With Bitcoin's rapidly rising market cap and trading volumes, national governments have caught on to the fact that Bitcoin isn't going anywhere. As a result, major economies are taking a "if you can't beat them, join them" sort of approach. Now, with each passing month, regulation of cryptocurrencies is getting more clear.
As of May 2021,
34 countries have created regulatory frameworks which stipulate how tax, anti-money laundering (AML), and anti-terrorism financing (ATF) laws should be applied to cryptocurrency transactions. This list of countries includes most of the world's largest economies.
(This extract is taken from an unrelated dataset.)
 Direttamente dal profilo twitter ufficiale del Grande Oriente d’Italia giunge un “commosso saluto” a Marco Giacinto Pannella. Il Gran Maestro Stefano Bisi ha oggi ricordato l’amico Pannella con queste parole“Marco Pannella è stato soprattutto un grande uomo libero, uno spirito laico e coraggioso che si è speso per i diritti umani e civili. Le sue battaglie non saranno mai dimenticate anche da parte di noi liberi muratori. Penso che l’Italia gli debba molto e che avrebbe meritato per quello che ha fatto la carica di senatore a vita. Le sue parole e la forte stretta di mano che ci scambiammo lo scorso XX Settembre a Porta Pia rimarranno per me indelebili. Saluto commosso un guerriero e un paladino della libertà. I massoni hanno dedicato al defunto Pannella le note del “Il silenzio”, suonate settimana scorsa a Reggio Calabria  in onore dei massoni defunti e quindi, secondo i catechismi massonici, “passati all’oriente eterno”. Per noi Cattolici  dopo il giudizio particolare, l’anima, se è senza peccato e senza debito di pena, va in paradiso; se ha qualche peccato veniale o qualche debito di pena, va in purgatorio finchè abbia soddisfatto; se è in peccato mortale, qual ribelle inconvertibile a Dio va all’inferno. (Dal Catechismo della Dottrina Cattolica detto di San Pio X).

Countries with tax legislation for cryptocurrencies: - Argentina
- Austria
- Bulgaria
- Finland
- Israel
- Italy
- Norway
- Poland
- Romania
- Russia
- Slovakia
- South Africa
- Spain
- Sweden
- United Kingdom
Countries with crypto-specific AML+ATF laws - Cayman islands
- Costa Rica
- Czech Republic
- Estonia
- Gibraltar
- Hong Kong
- Isle of Man
- Jersey
- Latvia
- Liechtenstein
- Luxembourg
- Singapore
- South Korea
Countries with both kinds of legislation - Australia
- Canada
- Denmark
- Japan
- Switzerland
What might be most interesting to investors, however, is what's happening in the world's largest economy - the United States. In April, the new SEC chairman under the Biden administration, Gary Gensler (an MIT professor who has taught classes
on blockchain technology and digital currencies),
announced that the commission is in the preliminary stages of establishing a framework for crypto regulation.
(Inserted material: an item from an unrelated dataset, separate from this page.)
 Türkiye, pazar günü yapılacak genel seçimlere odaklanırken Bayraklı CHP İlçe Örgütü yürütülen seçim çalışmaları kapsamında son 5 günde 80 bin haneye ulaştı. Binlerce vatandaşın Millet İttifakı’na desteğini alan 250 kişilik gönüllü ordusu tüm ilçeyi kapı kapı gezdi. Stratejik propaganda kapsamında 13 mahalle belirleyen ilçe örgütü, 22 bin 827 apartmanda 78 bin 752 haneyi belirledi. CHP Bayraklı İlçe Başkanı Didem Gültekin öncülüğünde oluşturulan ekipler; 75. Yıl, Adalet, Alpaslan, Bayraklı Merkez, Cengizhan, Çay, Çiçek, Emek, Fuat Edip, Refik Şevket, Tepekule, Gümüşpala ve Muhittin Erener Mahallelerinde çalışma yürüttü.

New Bitcoin ETFs and Retirement Plan Allocations Clarified regulation for cryptocurrencies is great news not just because it brings more retail and institutional investors into the market, but also because it opens the door to new opportunities. Perhaps the most exciting development, here, is the arrival of Bitcoin ETFs.
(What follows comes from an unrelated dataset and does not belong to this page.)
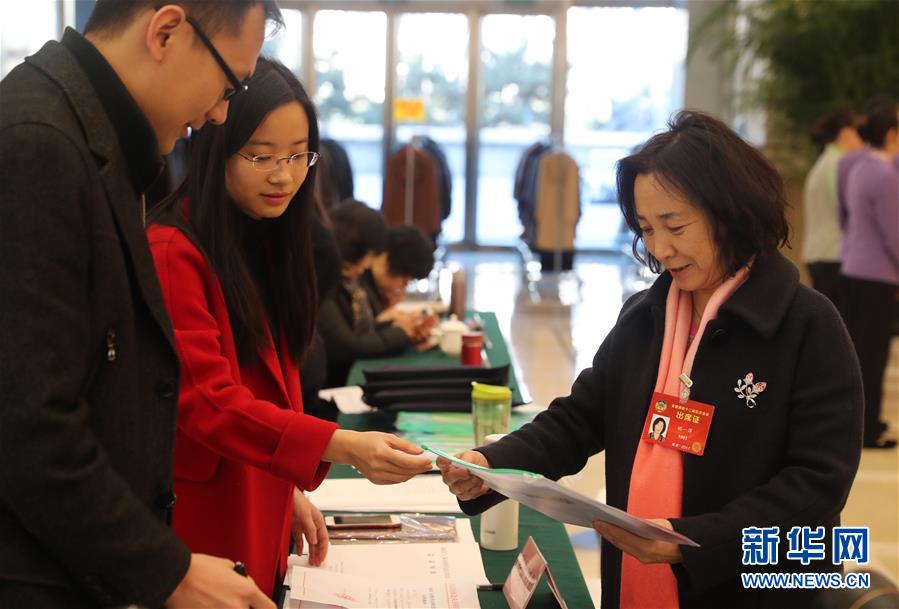 3月1日,全國政協(xié)委員姚一萍(右)抵達駐地北京會議中心。 當日,參加全國政協(xié)十二屆五次會議的委員陸續(xù)抵達駐地報到。 新華社記者邢廣利攝

A fund recently launched in Canada
has been wildly successful so far and the Bitcoin price seems to be following the same positive trend that occurred with gold when precious metal ETFs started to appear in the early 2000s. Furthermore, like it occurred with gold, analysts don't expect it to be long before we start seeing Bitcoin and other digital assets included in pension funds.